━━━━━ Records for this task

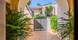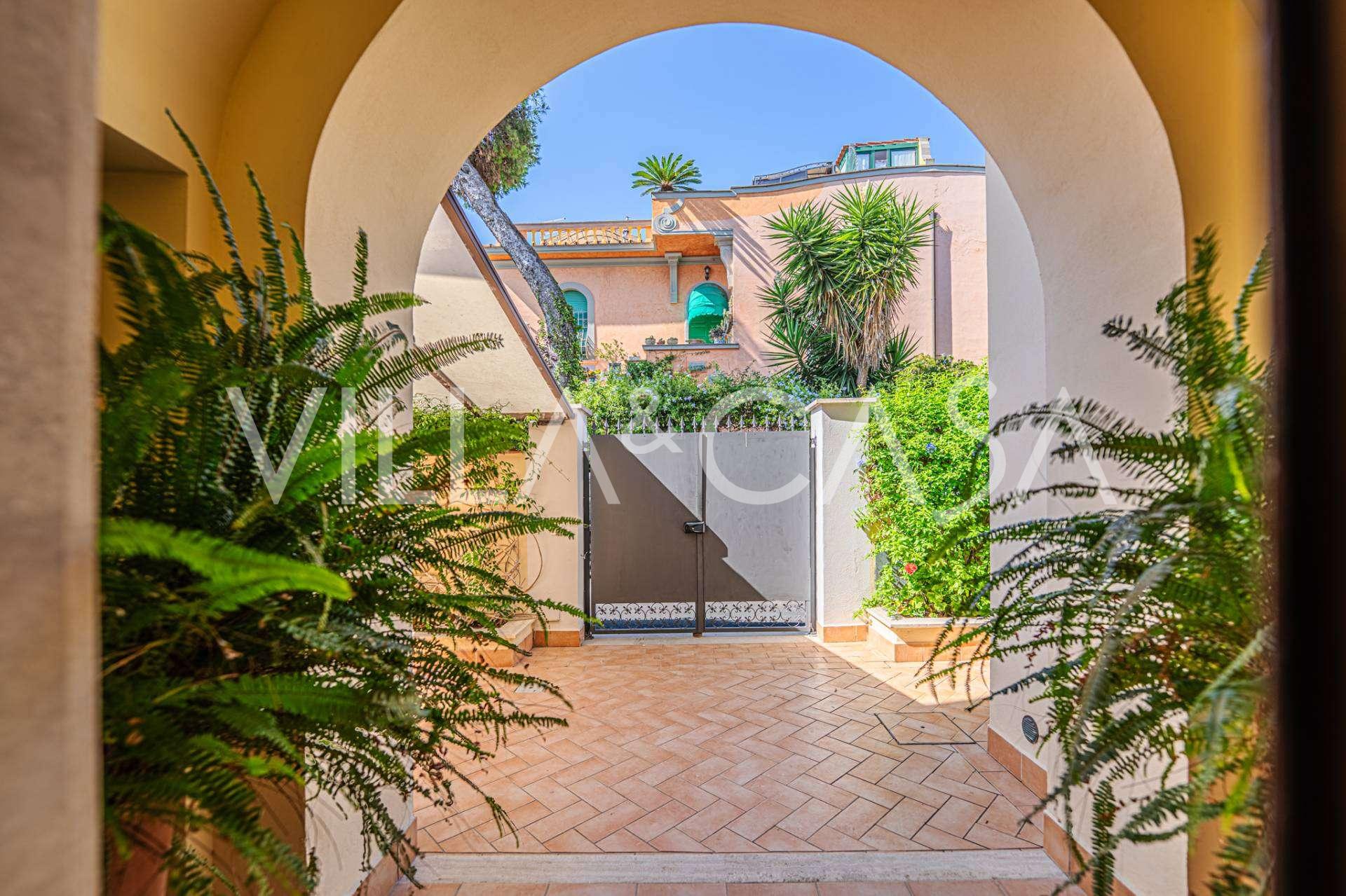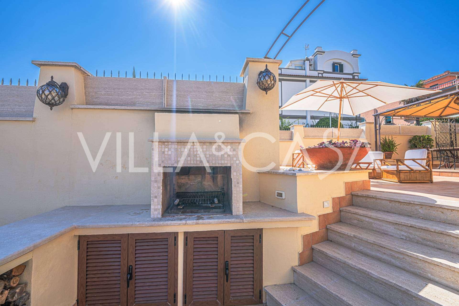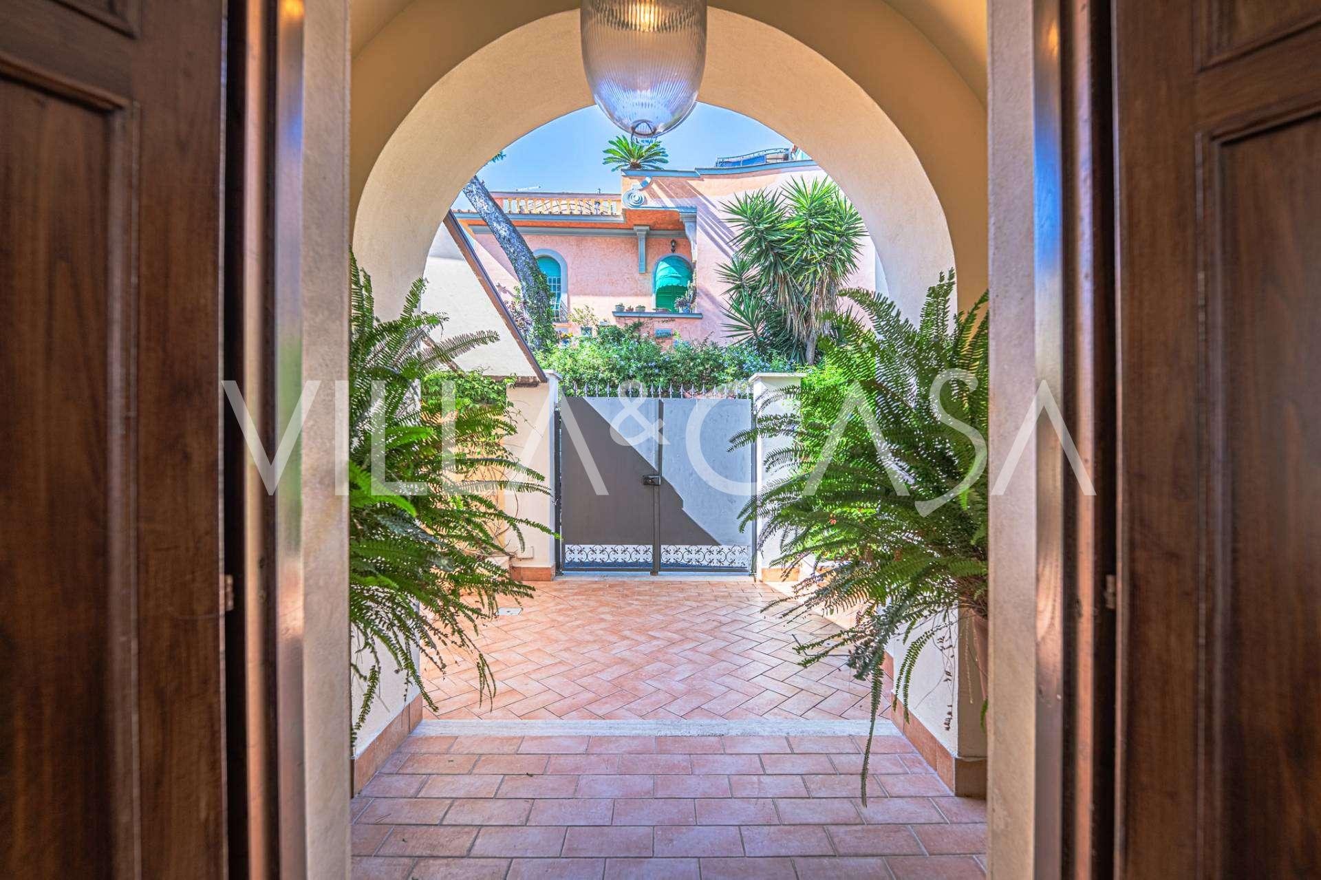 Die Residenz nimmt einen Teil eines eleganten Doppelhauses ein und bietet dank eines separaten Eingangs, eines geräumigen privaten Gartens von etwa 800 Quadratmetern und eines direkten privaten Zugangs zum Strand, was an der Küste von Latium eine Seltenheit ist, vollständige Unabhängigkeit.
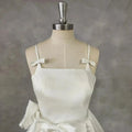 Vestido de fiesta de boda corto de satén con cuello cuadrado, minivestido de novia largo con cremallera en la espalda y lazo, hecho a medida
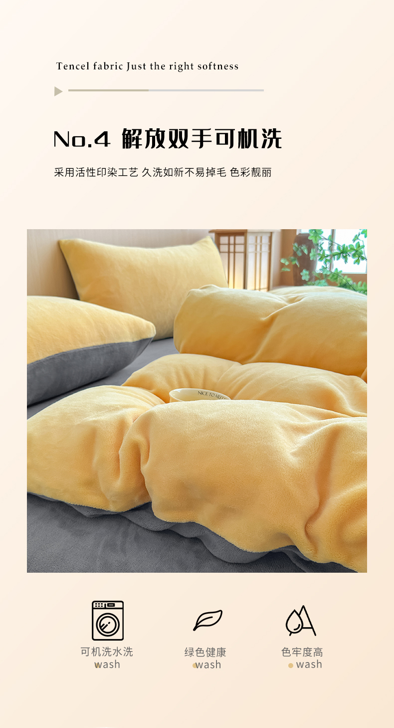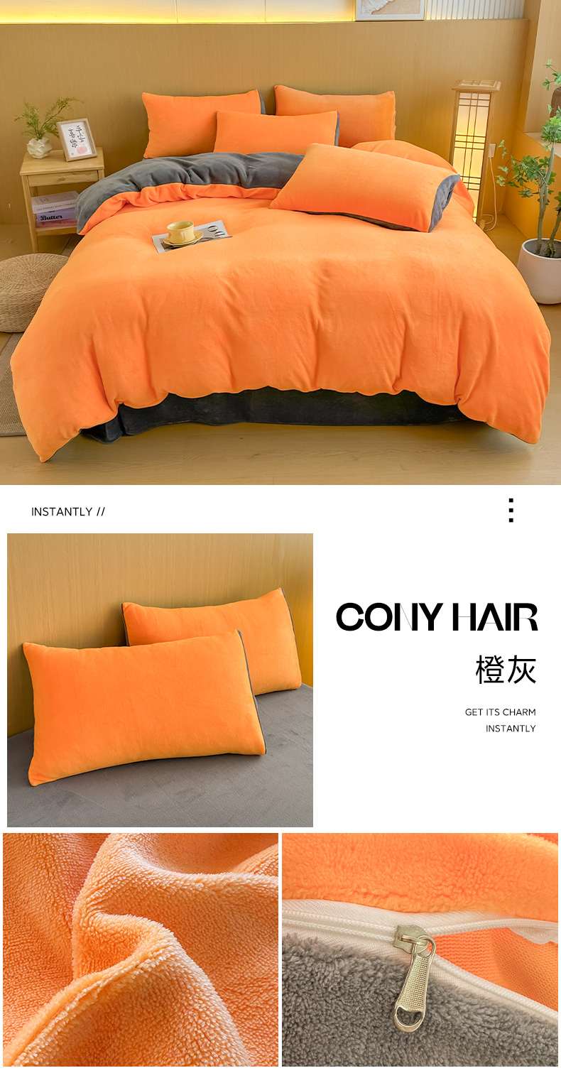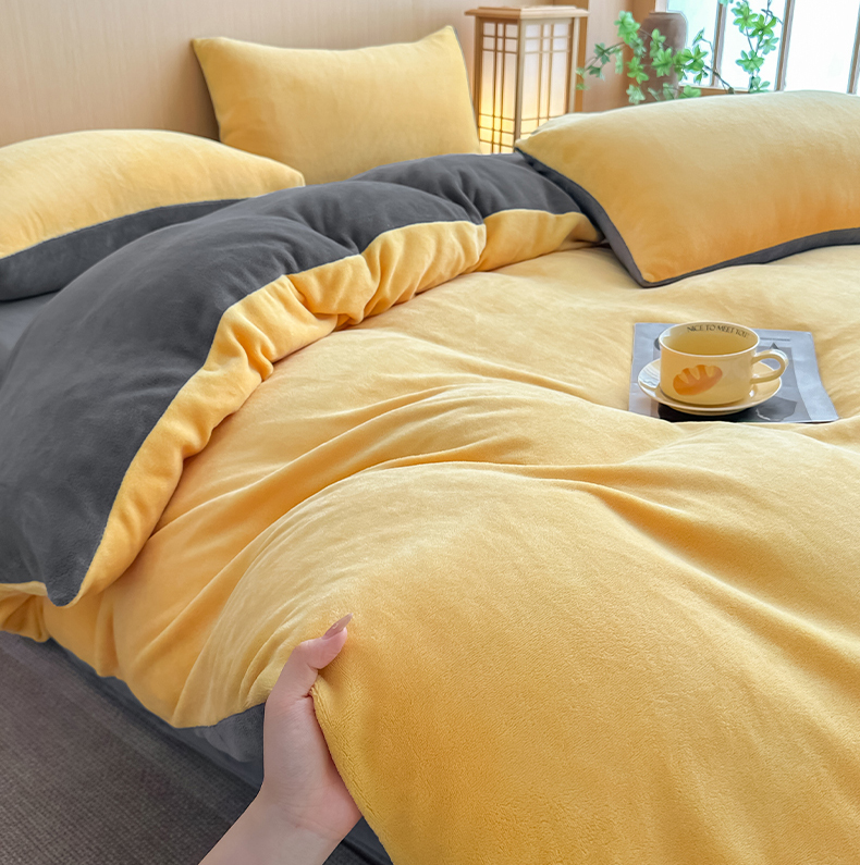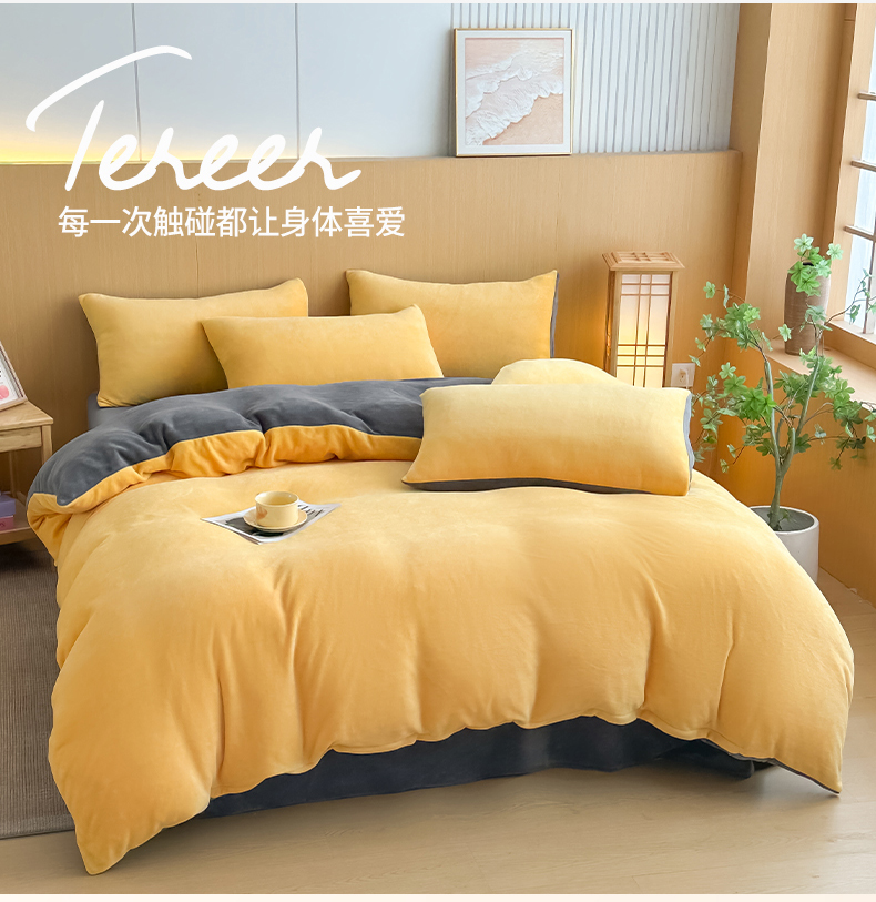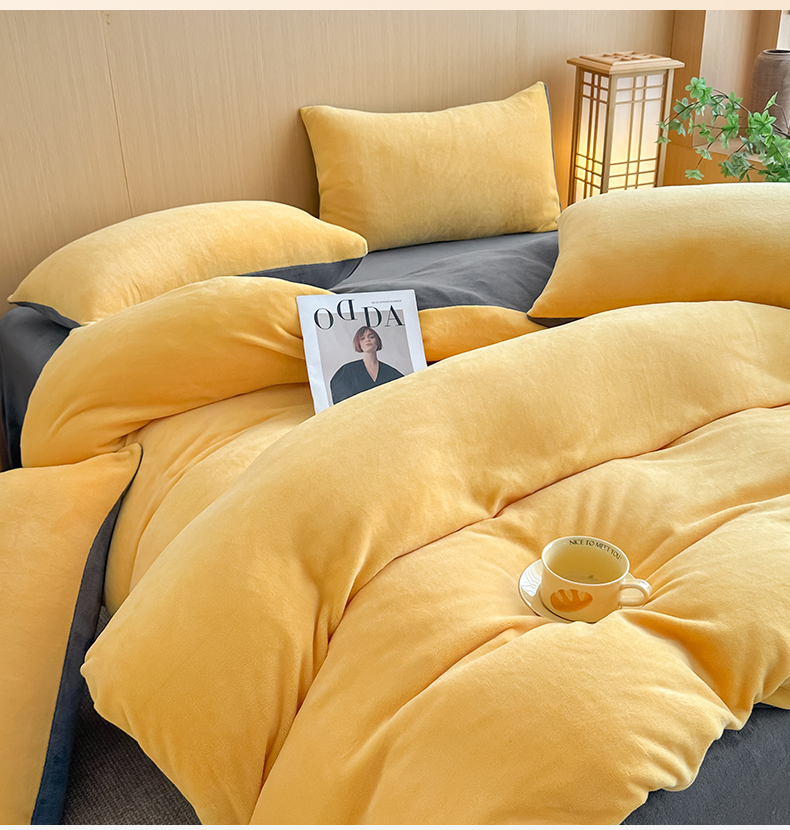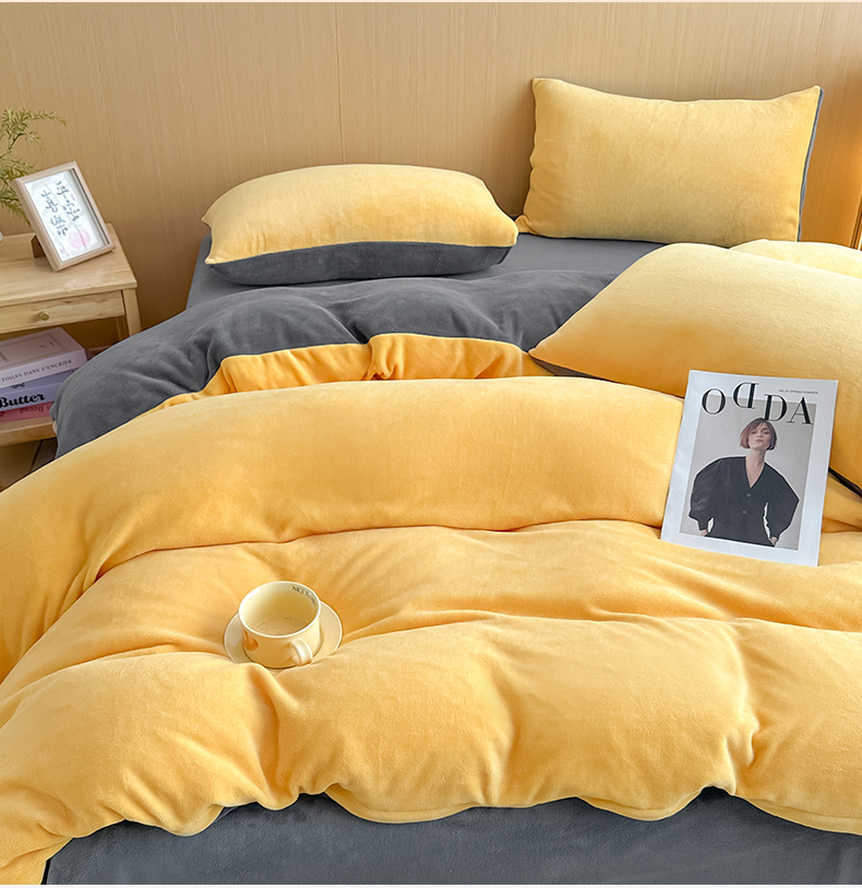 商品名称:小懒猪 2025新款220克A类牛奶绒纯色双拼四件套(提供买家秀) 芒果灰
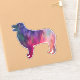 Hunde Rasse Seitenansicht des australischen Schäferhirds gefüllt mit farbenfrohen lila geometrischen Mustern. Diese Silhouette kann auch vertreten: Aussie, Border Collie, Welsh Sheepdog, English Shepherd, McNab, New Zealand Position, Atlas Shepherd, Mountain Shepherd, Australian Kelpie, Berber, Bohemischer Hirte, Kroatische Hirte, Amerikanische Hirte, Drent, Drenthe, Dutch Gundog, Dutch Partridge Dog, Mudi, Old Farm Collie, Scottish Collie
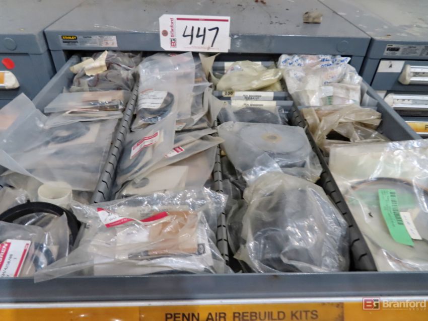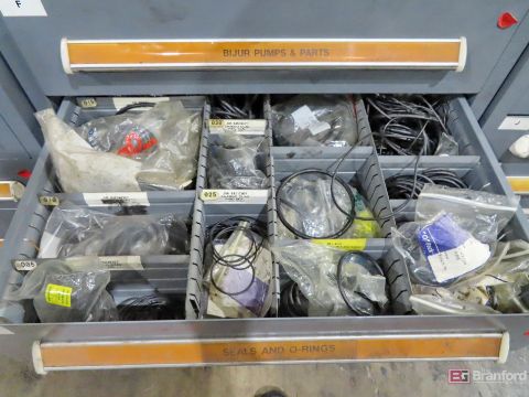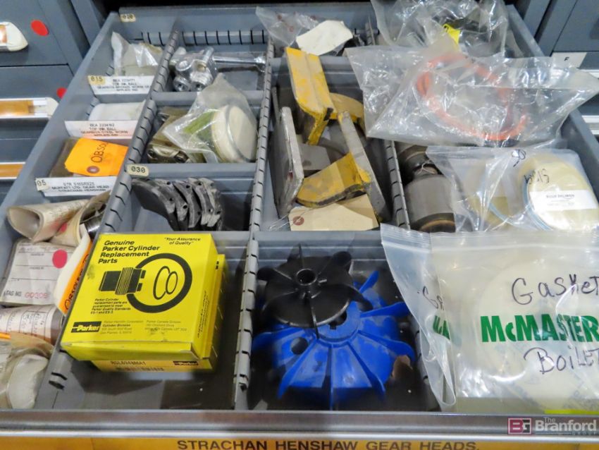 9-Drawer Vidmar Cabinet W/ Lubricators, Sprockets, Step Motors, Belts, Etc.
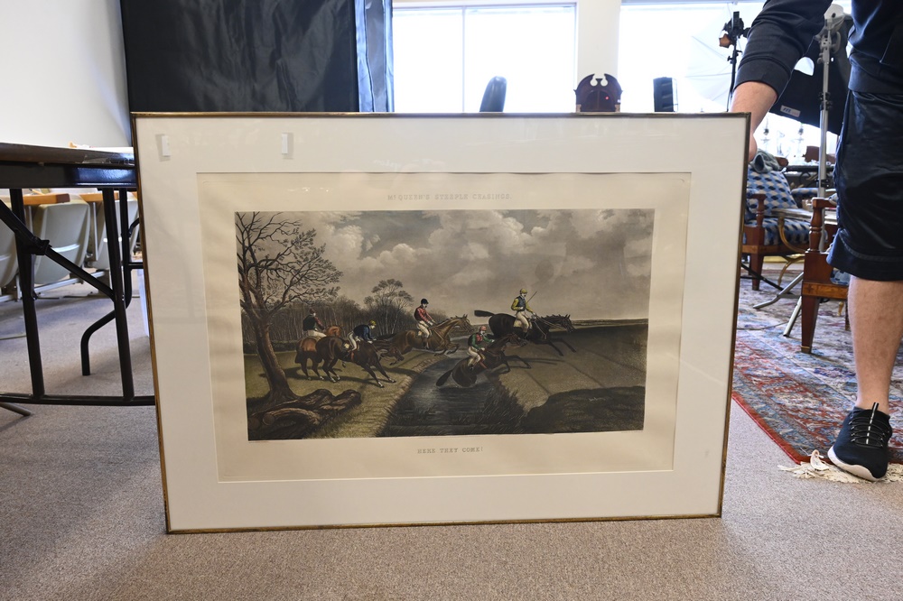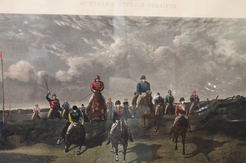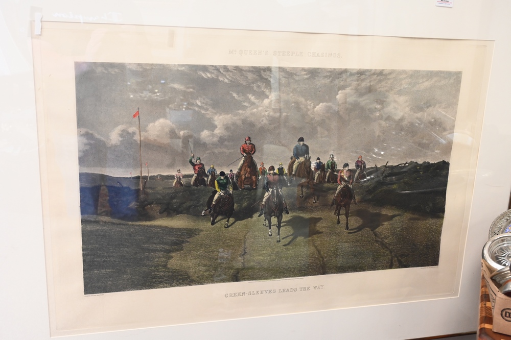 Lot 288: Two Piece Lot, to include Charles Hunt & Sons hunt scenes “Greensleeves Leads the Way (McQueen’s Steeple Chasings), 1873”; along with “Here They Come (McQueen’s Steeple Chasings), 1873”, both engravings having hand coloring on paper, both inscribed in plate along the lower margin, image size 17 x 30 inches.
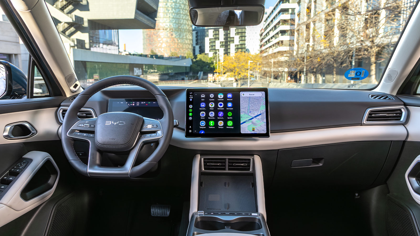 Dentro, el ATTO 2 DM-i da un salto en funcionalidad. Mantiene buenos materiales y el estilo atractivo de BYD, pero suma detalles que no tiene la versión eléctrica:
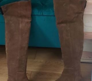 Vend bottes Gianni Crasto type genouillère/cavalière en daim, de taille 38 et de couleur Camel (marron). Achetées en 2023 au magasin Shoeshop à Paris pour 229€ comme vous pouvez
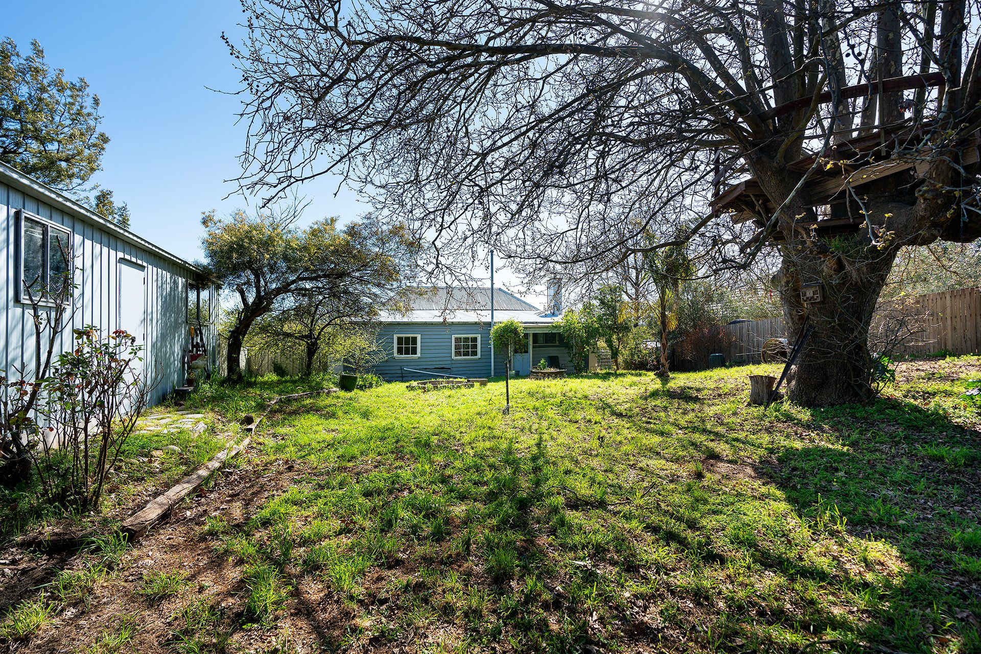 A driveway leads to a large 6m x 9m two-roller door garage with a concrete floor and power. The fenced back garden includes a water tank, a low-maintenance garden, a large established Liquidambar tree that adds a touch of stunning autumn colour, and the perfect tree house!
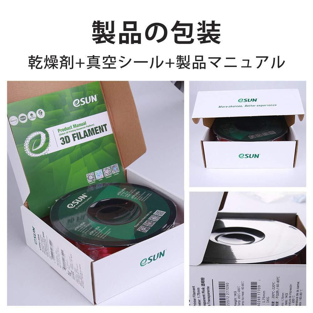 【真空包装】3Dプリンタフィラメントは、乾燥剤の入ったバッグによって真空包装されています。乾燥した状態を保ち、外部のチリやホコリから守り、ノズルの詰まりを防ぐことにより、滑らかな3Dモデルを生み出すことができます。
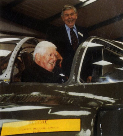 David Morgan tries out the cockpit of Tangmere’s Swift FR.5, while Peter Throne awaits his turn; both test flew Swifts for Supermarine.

━━━━━━━━━━

**Work order**
Output all the records above exactly, but without their images.

**Answer section**
 Die Residenz nimmt einen Teil eines eleganten Doppelhauses ein und bietet dank eines separaten Eingangs, eines geräumigen privaten Gartens von etwa 800 Quadratmetern und eines direkten privaten Zugangs zum Strand, was an der Küste von Latium eine Seltenheit ist, vollständige Unabhängigkeit.
 Vestido de fiesta de boda corto de satén con cuello cuadrado, minivestido de novia largo con cremallera en la espalda y lazo, hecho a medida
 商品名称:小懒猪 2025新款220克A类牛奶绒纯色双拼四件套(提供买家秀) 芒果灰
 Hunde Rasse Seitenansicht des australischen Schäferhirds gefüllt mit farbenfrohen lila geometrischen Mustern. Diese Silhouette kann auch vertreten: Aussie, Border Collie, Welsh Sheepdog, English Shepherd, McNab, New Zealand Position, Atlas Shepherd, Mountain Shepherd, Australian Kelpie, Berber, Bohemischer Hirte, Kroatische Hirte, Amerikanische Hirte, Drent, Drenthe, Dutch Gundog, Dutch Partridge Dog, Mudi, Old Farm Collie, Scottish Collie
 9-Drawer Vidmar Cabinet W/ Lubricators, Sprockets, Step Motors, Belts, Etc.
 Lot 288: Two Piece Lot, to include Charles Hunt & Sons hunt scenes “Greensleeves Leads the Way (McQueen’s Steeple Chasings), 1873”; along with “Here They Come (McQueen’s Steeple Chasings), 1873”, both engravings having hand coloring on paper, both inscribed in plate along the lower margin, image size 17 x 30 inches.
 Dentro, el ATTO 2 DM-i da un salto en funcionalidad. Mantiene buenos materiales y el estilo atractivo de BYD, pero suma detalles que no tiene la versión eléctrica:
 Vend bottes Gianni Crasto type genouillère/cavalière en daim, de taille 38 et de couleur Camel (marron). Achetées en 2023 au magasin Shoeshop à Paris pour 229€ comme vous pouvez
 A driveway leads to a large 6m x 9m two-roller door garage with a concrete floor and power. The fenced back garden includes a water tank, a low-maintenance garden, a large established Liquidambar tree that adds a touch of stunning autumn colour, and the perfect tree house!
 【真空包装】3Dプリンタフィラメントは、乾燥剤の入ったバッグによって真空包装されています。乾燥した状態を保ち、外部のチリやホコリから守り、ノズルの詰まりを防ぐことにより、滑らかな3Dモデルを生み出すことができます。
 David Morgan tries out the cockpit of Tangmere’s Swift FR.5, while Peter Throne awaits his turn; both test flew Swifts for Supermarine.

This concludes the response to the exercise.